Rollbar reacted with an immediate increase in capacity and a change in our rate limiting system to effectively serve all our incoming traffic.

Rollbar is considering deprecating the authentication pattern that made our normal rate limiting system so fragile during this traffic spike, allowing for a more effective control at the very edge of our perimeter and better overall customer experience.

Impact

The outage affected two major components of our platform, resulting in a prolonged degraded service and a sporadic full outage. There was a 2 hour period of full/near full API outage with sporadic partial outages across a 19 hour period, starting at 1:15 AM.

During this time, customers would have likely received a large number of error responses from our API and the data sent was potentially dropped and not processed or alerted on.

(All times in PDT)

Web Application Impact
- [Apr 21st, 01:15 - 07:50] Degraded web performance and availability, sporadic error pages
APIs Impact:
- [Apr 22nd, 01:15 - 04:44] Degraded api performance and availability, serving roughly 75% of incoming traffic
- [Apr 22nd, 04:44 - 06:30] API begins to degraded progressively until Rollbar API is near full outage
- [Apr 22nd, 06:30 - 12:30] API begins to improve until serving around 90% of incoming traffic
- [Apr 22nd, 12:30 - 13:20] API experienced full outage
- [Apr 22nd, 13:20 - 16:24] API begin to recover, serving progressively more traffic
- [Apr 22nd, 16:23 - 18:08] API is fully operational for all customers except for one
- [Apr 22nd, 18:08 - 20:03] API is fully operational for all customers.
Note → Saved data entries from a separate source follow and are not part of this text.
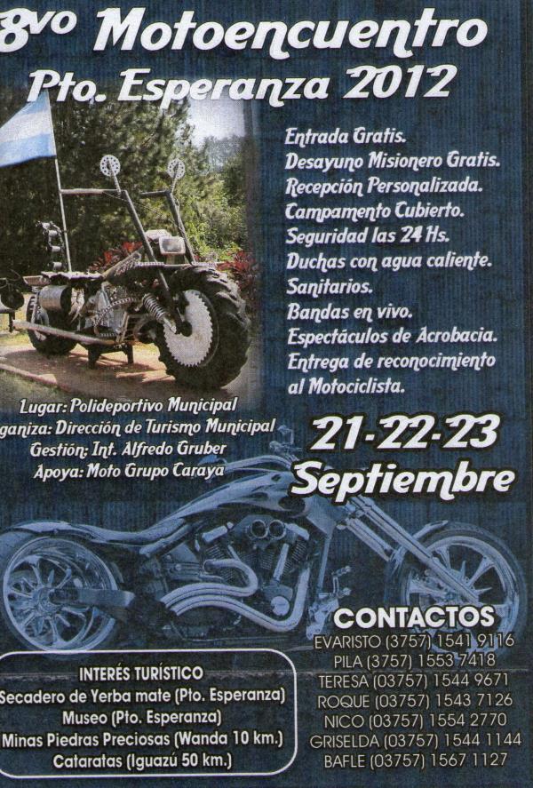 reunion motera, que va creciendo ao a ao, gracias a los amigos que visitan y conocen la calidez de la ciudad en medio de la naturaleza misionera, la atencion personalizada a lo motoviajeros nos caracteriza. como asi tambien el reconocimiento a cada agrupacion que consiste en un souvenir de recuerdo.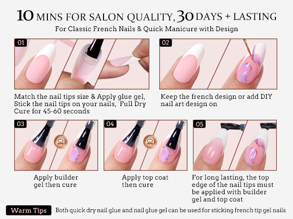 - Convenient Application: Use with glue, builder gel, and top coat.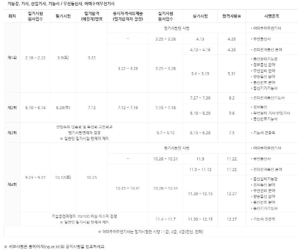 응시자격이 다양하지만 통신관련 자격증이다 보니 통신관련 학과나 실무에 종사를 해야지만 응시할 수 있는 조건들입니다. 저는 위의 응시자격중에 '동일 및 유사 직무분야의 다른 종목 기사 등극 이상의 자격 취득자', '실무경력 4년 이상' 요건에 해당되어서 응시 할 수 있었습니다.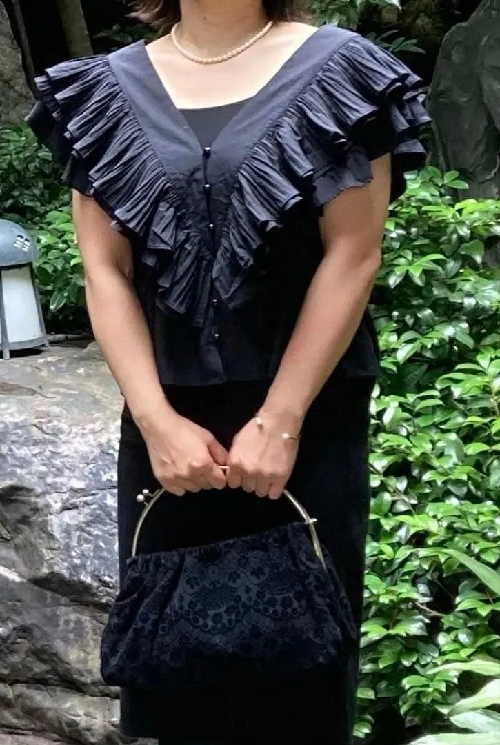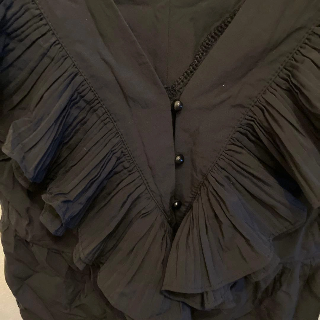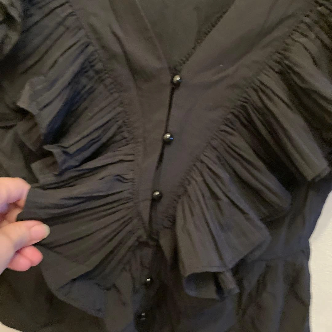 フリルデザインの黒いVネックシャツです。前面に丸ボタンが付いています。 色は黒で、フリルが華やかな印象です。 着丈51cm 肩幅はフリルがあるため計測が難しいです。 一度着用し、ホームクリーニング済みです。 - 色: 黒 - デザイン: フリル付き Vネック - ボタン: 前面ボタン付き - 袖: フリル袖 USED品にご理解いただける方のみご検討をお願いします。 カラー···ブラック系 カラー/ネック···Vネック 透け感···透け感なし 季節···春夏 ご希望の方はお気軽にご連絡ください。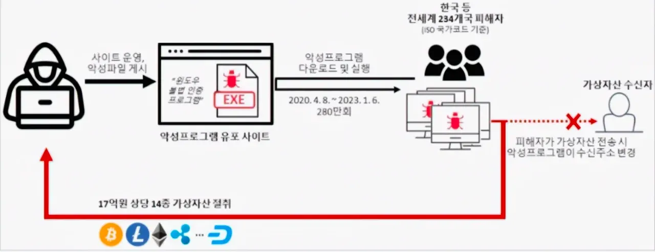 ซึ่งทางกรมตำรวจแห่งประเทศเกาหลีใต้ (Korean National Police Agency) ที่ได้ทำการติดตามสอบสวนมัลแวร์ตัวนี้มานาน ได้เปิดเผยว่าตัวมัลแวร์สร้างความเสียหายไปมากถึง 1,200,000 ดอลลาร์สหรัฐ (37,825,200 บาท) จากธุรกรรมกว่า 8,400 ครั้ง ระหว่างกระเป๋าเงินคริปโตกว่า 3,100 เลขหมาย ซึ่งการสืบสวนของทางกรมตำรวจนั้นได้เริ่มดำเนินการตั้งแต่ปี ค.ศ. 2020 (พ.ศ. 2563) หลังจากได้รับการแจ้งเหตุเกี่ยวกับมัลแวร์ขโมยเหรียญคริปโตเคอร์เรนซี ซึ่งสามารถสืบทราบไปถึงที่อยู่ของผู้ต้องสงสัยในประเทศลิทัวเนีย และด้วยความร่วมมือของตำรวจสากล (Interpol) ก็ได้นำไปสู่การบุกตรวจค้นที่อยู่ของผู้ต้องสงสัย ในเดือนธันวาคม ค.ศ. 2024 (พ.ศ. 2567) และได้หลักฐานเป็นคอมพิวเตอร์โน้ตบุ๊คและโทรศัพท์มือถือจำนวนมาก มาเพื่อทำการตรวจสอบ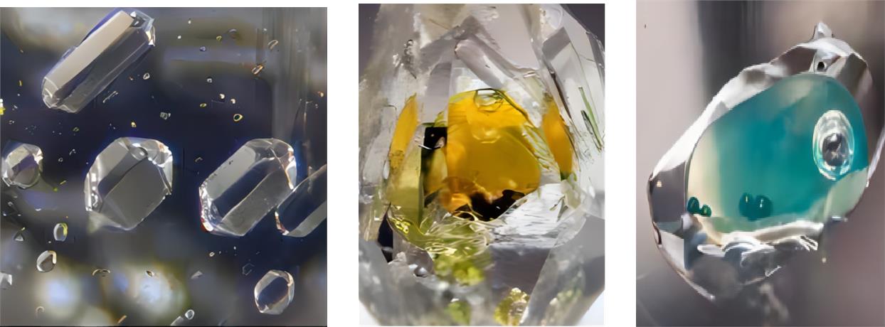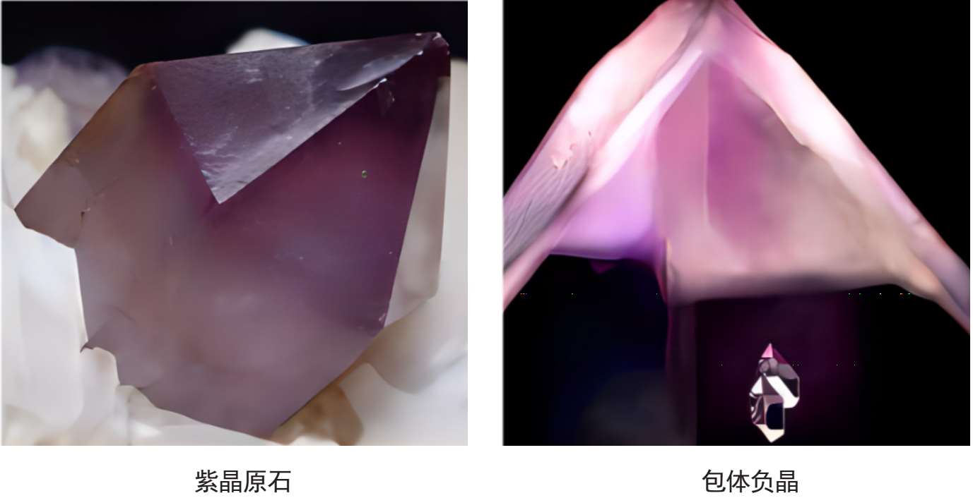 可将水晶分为固态包裹体水晶、流体包裹体水晶和固体、流体包裹体水晶。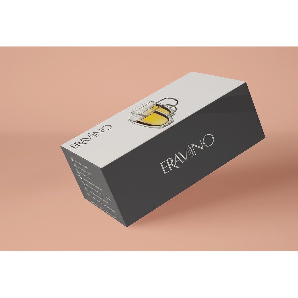 Experience the luxury of Eravino's Double Wall Glass Mugs. Made of the finest glass, these mugs allow you to see the steam of your favorite beverage without burning your hands. Impress your guests with both style and quality. Comes in a 4 pack of 12oz mugs.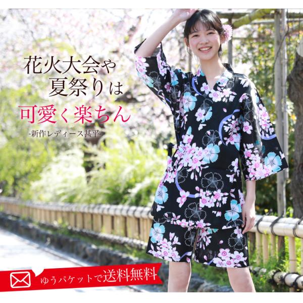 女性用 甚平 レディース かわいい和柄 じんべい 黒 和の洋服とエプロンのお店 布和里のページ ひもづけ Com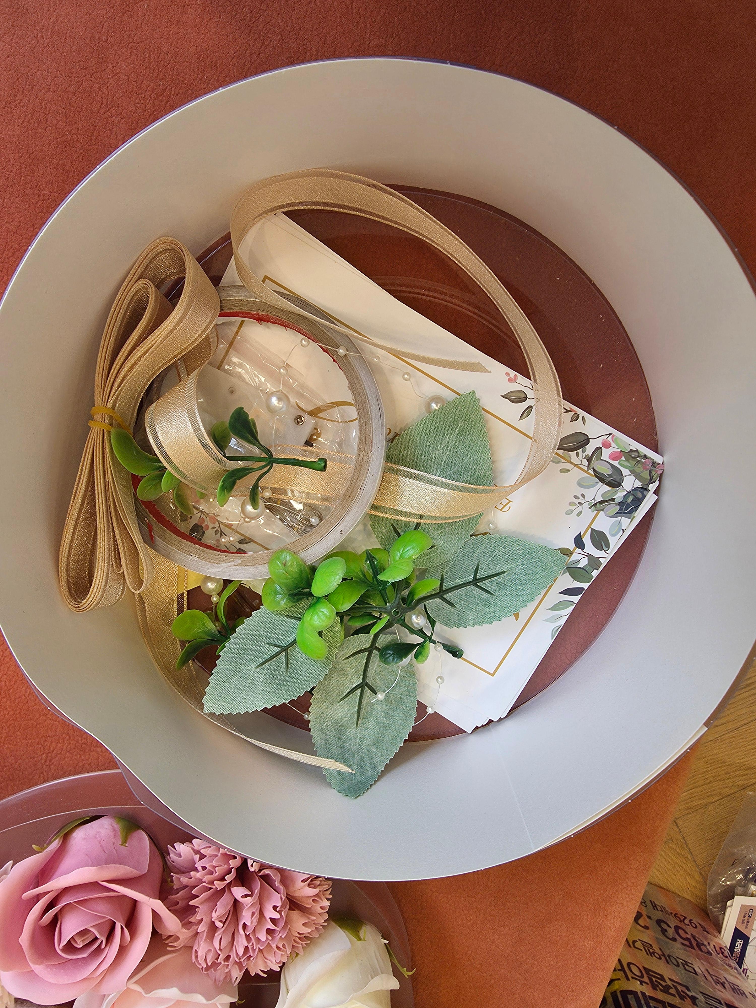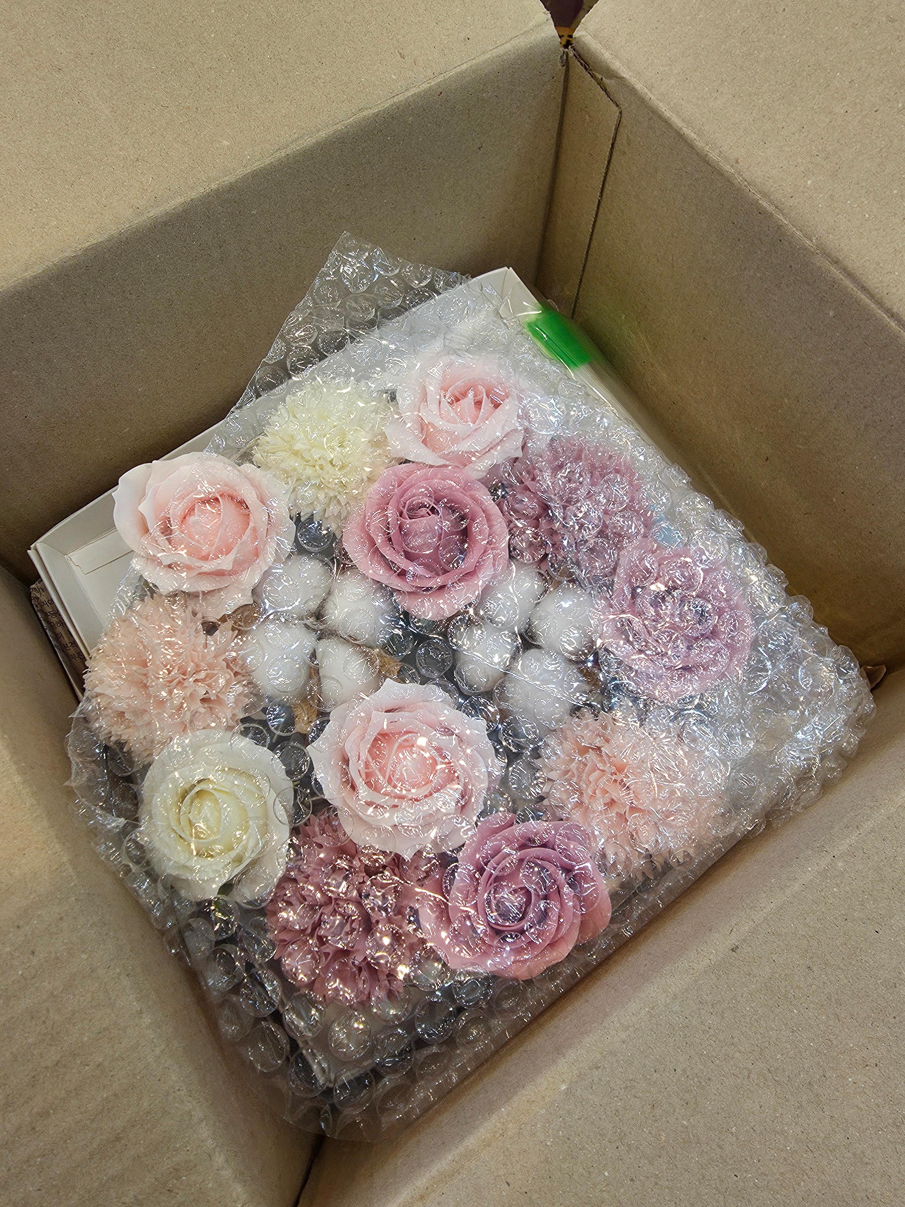 완성 후에는 꽃이나 돈 장식이 틀어지지 않도록 박스 안에서 움직이지 않게 잘 고정해주는 게 중요했어요.

The one customer with traffic spikes regains access to our platform through a freshly deployed traffic segregation system
- [Apr 22nd, 20:03] - API is fully operational for everyone

Timeline

(All times in PDT)

Apr 21st, 10:33: We saw a 600% increase in traffic on our API nodes
- This caused degradation of the API as it struggled to rate limit the traffic increase
Apr 22nd, 04:44: API servers were overwhelmed and we experience a close to total outage of the API
- We began to recover functionality progressively over the next few hours as we took steps to remediate
Apr 22nd, 08:30: Traffic continued to rise, now at 1,500% normal levels
Apr 22nd, 10:56: API was functioning close to normal, although with some degradation.
Apr 22nd, 12:00: Traffic peaked at 3,100% normal levels
Apr 22nd, 12:31: API and some downstream dependencies were overwhelmed again and we experienced a full outage of the API
Apr 22nd, 13:22: We regained some functionality to the api, began processing traffic at around 50% normal levels
Apr 22nd, 16:24: We successfully blocked a targeted portion of traffic, causing API usage to return to normal for nearly all customers
Apr 22nd, 17:30: We stabilized the infrastructure to handle the incoming traffic for all customers and removed the block, only experiencing very sporadic errors for a small subset of customers
Apr 22nd, 20:03: Incident fully resolved, functionality restored.

Action Items

Technical:

Fix an internal issue that was causing our Web tier to error when there was an API tier outage
We've identified and scheduled a few short term tasks that will greatly speed up our response time to massive load spikes
- Namely, a more robust way of identifying individual customers at the load balancer level and a way to quickly partition production traffic for a particular customer
A medium/long term plan to introduce a new stress/chaos testing approach to hardening our API tier
An internal audit of our usage SDKs/API that might cause service degradation
- Depending on the number of customers, we may begin to slowly deprecate parts of our API and replace them with more robust implementations

Customer-focused:

Over the next week our Customer Success and Engineering teams will hash out a plan to make sure we provide more timely updates to all customers as well as individual customers that are affected/causing service degradation
- Some initial plans
  - Much more frequent StatusPage updates during an active incident
  - Improve our current dedicated point of contact process for Enterprise customers

Posted Apr 23, 2020 - 17:36 PDT

Resolved

We've implemented a fix and will continue monitoring our systems. We have a post-mortem scheduled for tomorrow AM, afterwards we will publish the post-mortem and RFO to our status page.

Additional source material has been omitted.